Fyrebirds
Kate J. Armstrong
Kate Armstrong's Nightbirds (her debut novel, I think) was magical. A novelist must always be a kind of puppeteer. She must manipulate her readers' perceptions and emotions. If you are an experienced fiction reader, you can see the strings being pulled. You say to yourself, "This is how she is trying to make me love AEsa, this is how she shows me Fen's vulnerability, ..." Usually. The sign of a really skilled puppeteer, however, is that the strings vanish. That was what Nightbirds was like for me. I mean, in retrospect I can see the strings, but while I read it, they were invisible to me. The magic just worked.
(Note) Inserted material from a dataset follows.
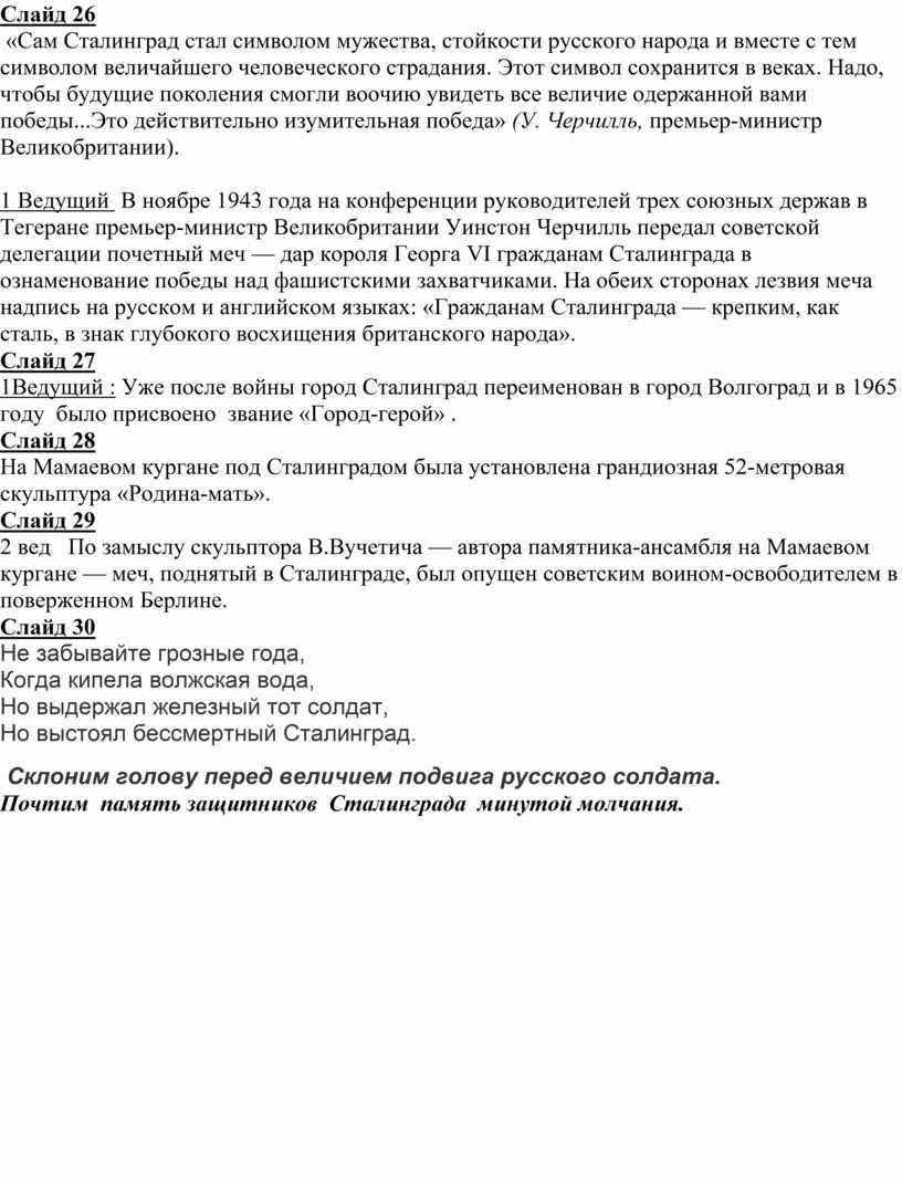 Склоним голову перед величием подвига русского солдата. Почтим память защитников Сталинграда минутой молчания.

I was eager for the sequel Fyrebirds. I pre-ordered it and started it almost immediately after it appeared on my kindle. Fyrebirds is good, but I am sorry to say that it didn't have quite the same magic as Nightbirds. It was a little too obvious what Armstrong was doing to me and how she was doing it. Her handling of events was a little less deft. I found myself questioning plot mechanics, "How did they get THERE in time to do THAT?". I found myself not believing important parts, especially the end, which tied everything up in too neat a little knot.
Now, I want to be clear that I liked Fyrebirds -- I liked it a lot. Armstrong remains on the list of authors whose future work I will eagerly follow. But Fyrebirds did not have the magic of Nightbirds.